Cleanup Scans / OCR (Optical Character Recognition)

Indigo PDF offers a powerful feature for cleaning up scans and performing Optical Character Recognition (OCR) on PDF documents. This feature is highly versatile and provides various options for text extraction and document enhancement. Here are the steps and explanations for using this feature:

  1. Select PDF for Cleanup and OCR:
    • Use the application’s file selection or upload feature to choose the PDF document that you want to clean up and apply OCR to.
  2. Select Languages:
    • Choose the languages that you want the OCR process to detect within the PDF. Currently, English is supported, and additional languages may be added in the future.
  3. Choose OCR Mode:
    • There are three OCR modes to select from:
      • Ignore Pages with Interactive Text: This mode will only OCR pages that are images and skip pages with interactive or selectable text.
      • Force OCR: In this mode, every page will be OCR’d, removing all original text elements.
      • Normal: This mode will generate an error if the PDF contains text, ensuring that OCR is only applied to images.
  4. Additional Settings:
    • You have the option to configure additional settings for the OCR process:
      • Produce Text File: Check this option if you want to create a separate text file containing the OCR text alongside the OCR’ed PDF.
      • Correct Skewed Pages: Enable this option if some pages in the PDF were scanned at a skewed angle.
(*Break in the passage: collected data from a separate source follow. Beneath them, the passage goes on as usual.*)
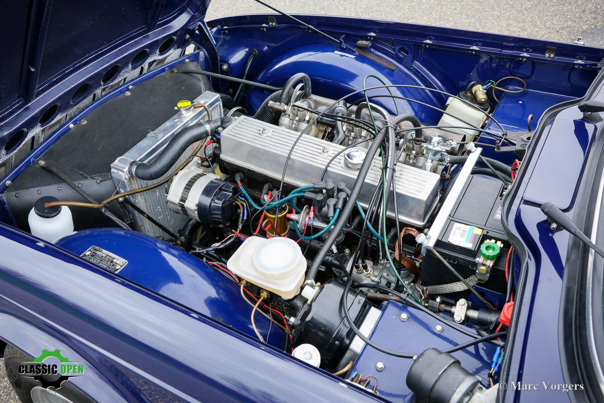 Exterieur uitgevoerd in donkerblauw, gecombineerd met een zwart interieur met zwarte lederen stoelen en zwarte vloerbedekking. Voorzien van een blauwe mohair soft-top en een zwarte vinyl afdekhoes.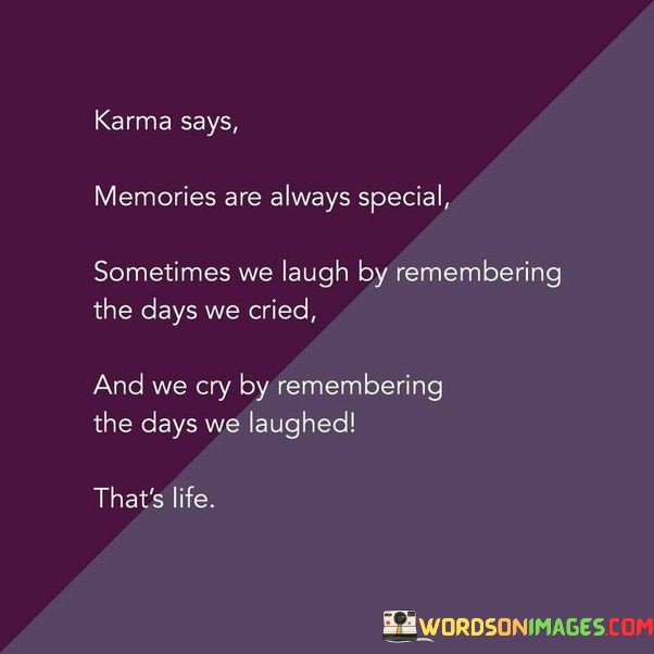 The quote reflects on the interconnectedness of memories, emotions, and the nature of life. In the first paragraph, it introduces the concept: "karma says memories are always special." This implies that memories hold significant value.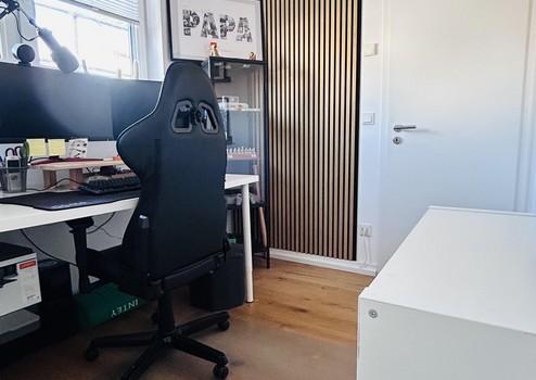 Ankleidebereich. Der Ankleidebereich bietet ebenso ein Fenster sowie eine Tür, wodurch die jetzigen Eigentümer daraus ein Arbeitszimmer errichtet haben.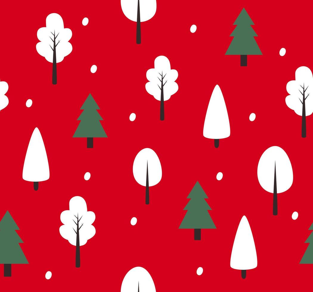 Seamless Christmas pattern with trees and snowflakes on a red background. vector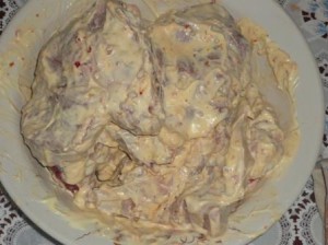Стейки промыть, обсушить полотенцем, посолить немного. Майонез смешиваем с ложкой аджики ( можете использовать и домашнюю жгучую приправу),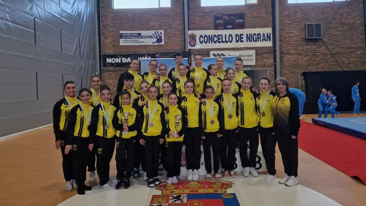 El Ximnasia Burgas lideró el Campeonato Gallego de gimnasia acrobática que se desarrolló en el polideportivo de Nigrán. El club ourensano, que acudió a esta cita autonómica con 32 gimnastas repartidos en tres equipos, logró 12 podios, con cuatro oros, cuatro medallas de plata y otras tantas de bronce, se proclamó campeón por equipos base en las categorías sénior y júnior, además de finalizar tercero en la categoría infantil.

It will automatically rotate them into the correct orientation.
      • Clean Page to Reduce Background Noise: You can choose to clean pages to reduce the likelihood of OCR picking up text from background noise. This option can be used with or without changes in the output.
      • Remove Images After OCR: If needed, you can remove all images from the document after OCR. This is particularly useful if it’s part of a conversion process.
  5. Render Type (Advanced):
    • There are two render types available for advanced users:
      • HOCR (HTML OCR): This format provides the OCR text in an HTML structure, making it accessible for further processing and integration.
      • Sandwich: The Sandwich method combines the original image with an OCR text layer, allowing the text to be selected and copied while retaining the image’s appearance.
  6. Start Cleanup and OCR:
    • After configuring your OCR preferences and additional settings, click the “Start Cleanup” or “Begin OCR” button to initiate the cleanup and OCR process.
  7. Download the Processed PDF:
    • Once the cleanup and OCR process is complete, you will be prompted to download the cleaned and OCR’ed PDF document. Select a destination folder on your computer and provide a name for the processed PDF if needed.
  8. Confirmation:
    • You will receive confirmation that the PDF has been successfully cleaned up and OCR’d, making the text content searchable and selectable.

By following these steps, you can effectively clean up scans and perform OCR on your PDF documents using Indigo PDF. This process is valuable for converting scanned images into searchable and editable text content.